Everyone would like to live happily and comfortably: Agree or Disagree?

Response Bias and Pointless surveys

If you are a regular visitor to The Brunei Times website (www.bt.com.bn) for news, you'll notice that they have on the right hand side panel a weekly online poll. Most news agencies have them to engage their readers and also to get act as an informal (but bearing in mind unreliable) thermometer to various issues and agendas.

The tricky thing with surveys and polls is that you need to come up with questions that will elicit an objective unbiased response and according to many research methodologists, the structuring of the question itself is EXTREMELY important to avoid response biases.

Take for example this week's question for The Brunei Times online poll:

Something must be done to prevent the quite often power outages in this rich nation.

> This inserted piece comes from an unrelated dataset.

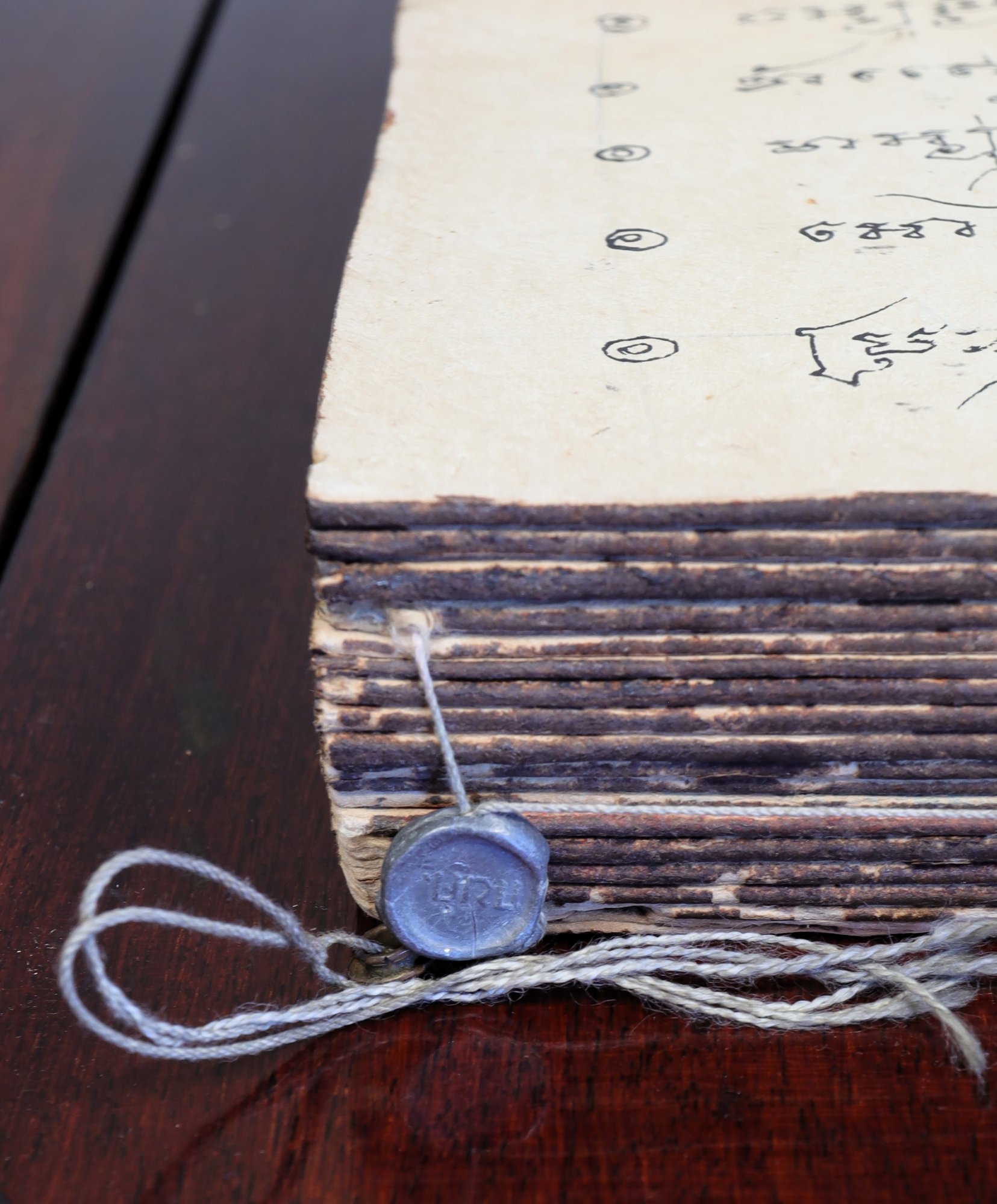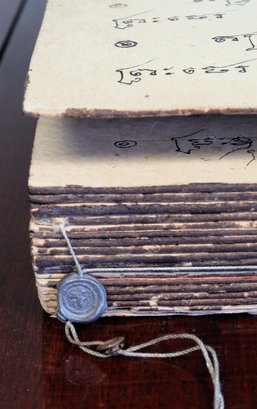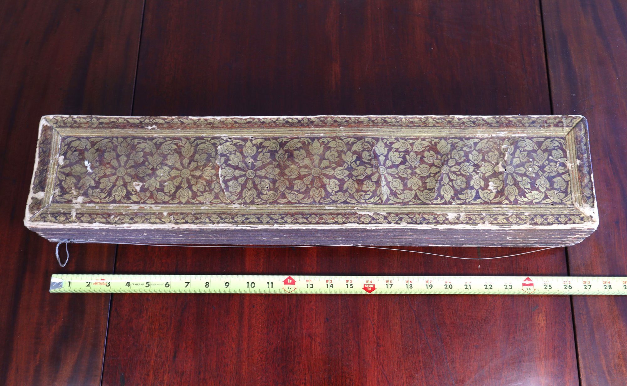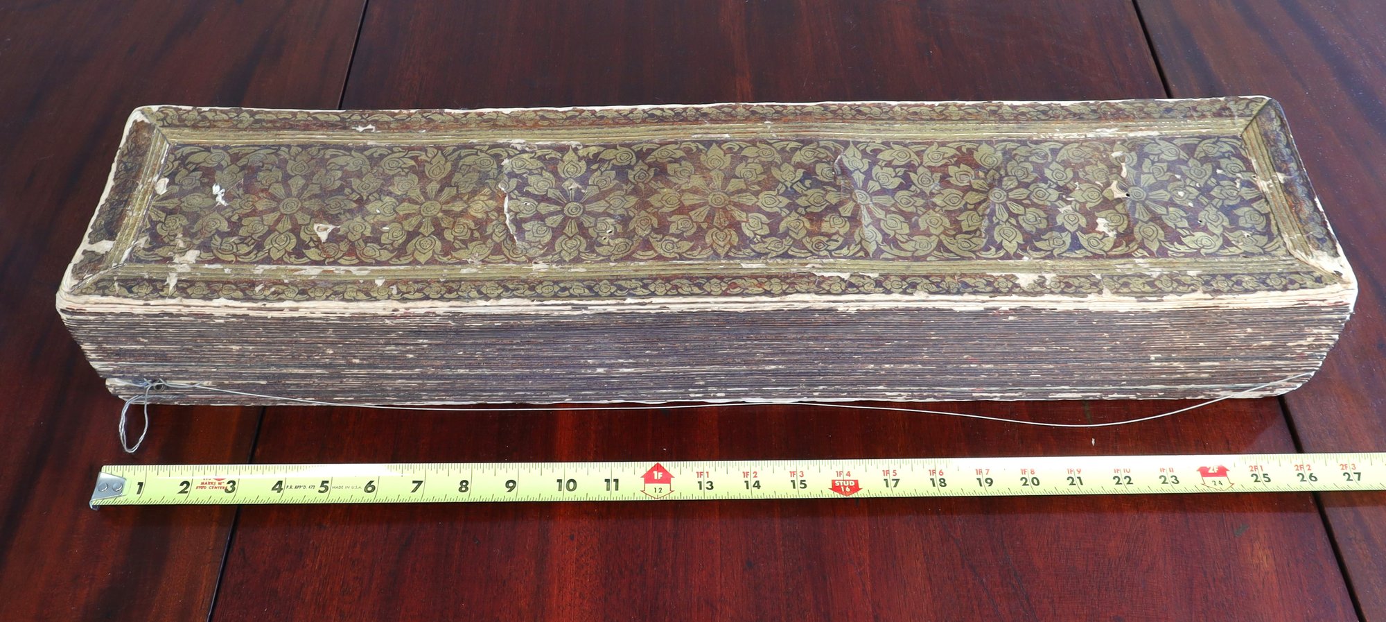 This is an antique manuscript, a Buddhist book which contains illustrated paintings. The manuscript is a compilation of Buddhist texts written in Pali and Thai languages, using Khmer (Cambodian) script. The manuscript was created in the 19th century and executed using watercolor, gilt, and ink. The dimensions of the manuscript measure 26.5 inches in length and 5.75 inches in width.

If you were to ask any educated/sane/coherent adult to answer this question, then most people would agree that YES it makes sense that something SHOULD be done. After all, who in their right mind would even suggest that getting the problem of power outage fixed is non desirable. So if the survey questions logically points to one answer, and you expect everyone to answer a particular way, then why bother to ask the question in the first place.

To drill this point of response bias home, consider this question DebatingBrunei came up with:

It is in Brunei's best interest and future economic wellbeing to diversify from oil and gas.

Would ANY of you actually click or choose Disagree? Chances are that no one would choose No, because by disagreeing, you're effectively condemning Brunei to a post-oil Brunei with the economy of a third world country. Therefore the question becomes pointless and is simply a wasted exercise in asking people to state the obvious.

Let us look at another question from The Brunei Times online poll:

Do you agree with the Government that fuel subsidies should be reduced step by step?

This one contains what they call a double barreled question, i.e. a question that contains 2 issues that can be answered differently. In this particular example, one part of the issue is whether you agree/disagree that fuel subsidies should be reduced. The other issue is whether it should be reduced step by step. These are 2 entirely different issues. I can just as easily say I agree with reduction but NOT step by step and do it in one go. So the way the question is structured makes my response inaccurate as it assumes I have given the same response to 2 different issues altogether.

Survey and Polling questions should generally be designed with care so that responses are not biased, or are loaded to get a particular response so as to manipulate and redirect a particular response to an agenda or issue. And in the case of The Brunei Times, a media organisation, with good reach into the community with regards to social and economic issues, flawed survey and poll questions can have far reaching consequences.

Not sure who works on The Brunei Times online poll questions, but they need to get someone to design them better.